We’ve lauded the merits of Google’s golang for DevOps applications here on in this blog, and we’ve also written a mini guide on getting started with Go.
But lest anyone think we are underground Googlers (which we aren’t) in the guise of a DevOps monitoring platform (which we are), we’d like to delve into the language’s pros and cons, especially as it relates to building DevOps applications. We’ve had a lot of experience working in golang as we converted our smart agent from Python to Go, and we have some things we think are important to share with the larger DevOps community.
Starting this week, we will be posting a 5-part series on golang pros and cons, each post detailing a few of each.

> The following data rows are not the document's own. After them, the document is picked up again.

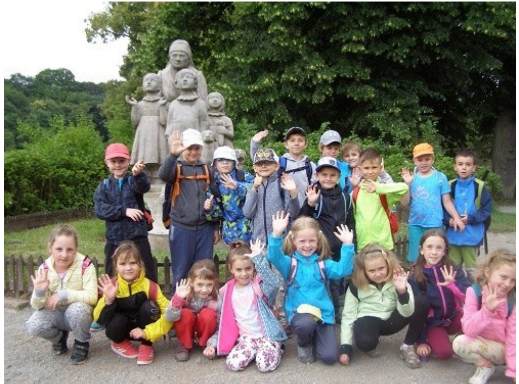
Výlet do Ratibořic
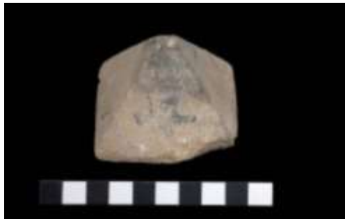
شكل (٦) غطاء هرمي من الحجر الجيري، نقلاً عن:

غطاء ذو شكل هرمي من الحجر الجيري، عُثر عليه داخل الجبانة الأوزيرية في البهنسا وهو محفوظ في المخزن المتحفي بالبهنسا تحمل رقم تسجيل ٢٤٦، علي أحد جوانبه بقايا علامات بالخط الديموطيقي باللون الأسود، تشير إلي الجهة الغربية \overline{\text{Imntt}} \text{ II I } \overline{\text{A}} ، يبلغ طول القاعدة ٦,٥ سم و الأرتفاع ٥,٥ سم 21 (شكل ٦).
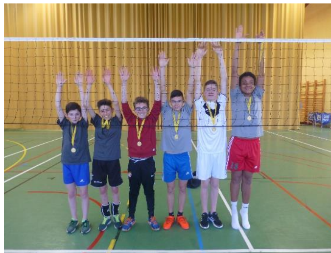
Volley ball : champions inter académie 2017 5 ème au championnat de France
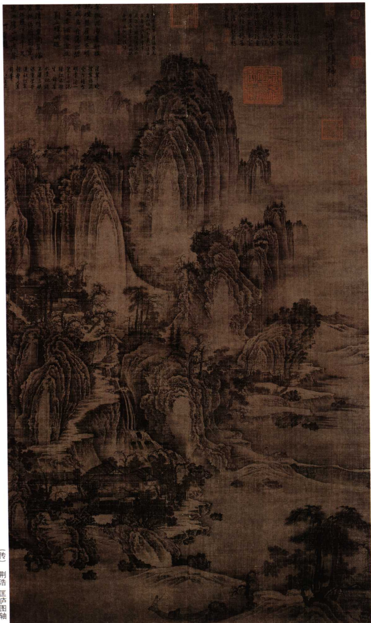
(传) 荆浩 匡庐图轴
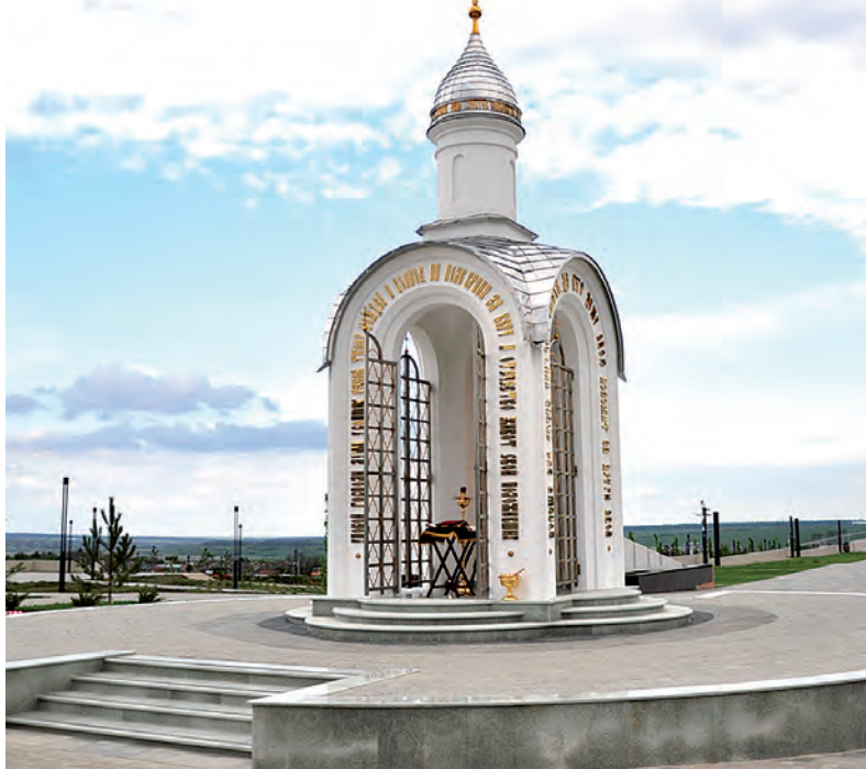
Часовня - место для молитв и поминовения павших.

Второй год подряд центром проведения Международного военно-технического форума (МВТФ) «Армия-2020» в Южном военном округе станет военно-исторический музейный комплекс «Самбекские высоты» в Ростовской области.

As we do, we’ll update this post with links to the others:
If this is your first time reading about Go, and you already know how to program in a C-like language, you should head over to the Go Tour, which takes about an hour, and is pretty in depth. What rantings follow are not a great way to learn how to program Go. Instead, they are the gripes and saving graces we’ve found while developing our smart agent in Go.
Ready to hear what it’s really like to program in Go? Here it goes (sorry for the bad pun).
Goroutines are tantamount to Go. Goroutines are execution threads, and they’re lightweight and kernel-level. Lightweight because you can run a lot of them without impacting system performance, and kernel-level because they run in parallel (for real, instead of just pretending, like in some other languages, like old versions of Ruby). Also, unlike Python, there is no global interpreter lock (GIL) in Go.
In other words, goroutines are a fundamental part of golang instead of being an afterthought, which is one of the reasons why golang is so fast. Java, on the other hand, has a bureaucracy of thread schedulers. They do threading, but it’s a lot of management and just slows down your application. On the other hand of the spectrum, Node.js has no actual concurrency, just the illusion of such. That’s why Go can be a great language for DevOps purposes; it doesn’t impact your system performance, actually runs in parallel, and is as reliable as possible during unexpected hardware malfunctions.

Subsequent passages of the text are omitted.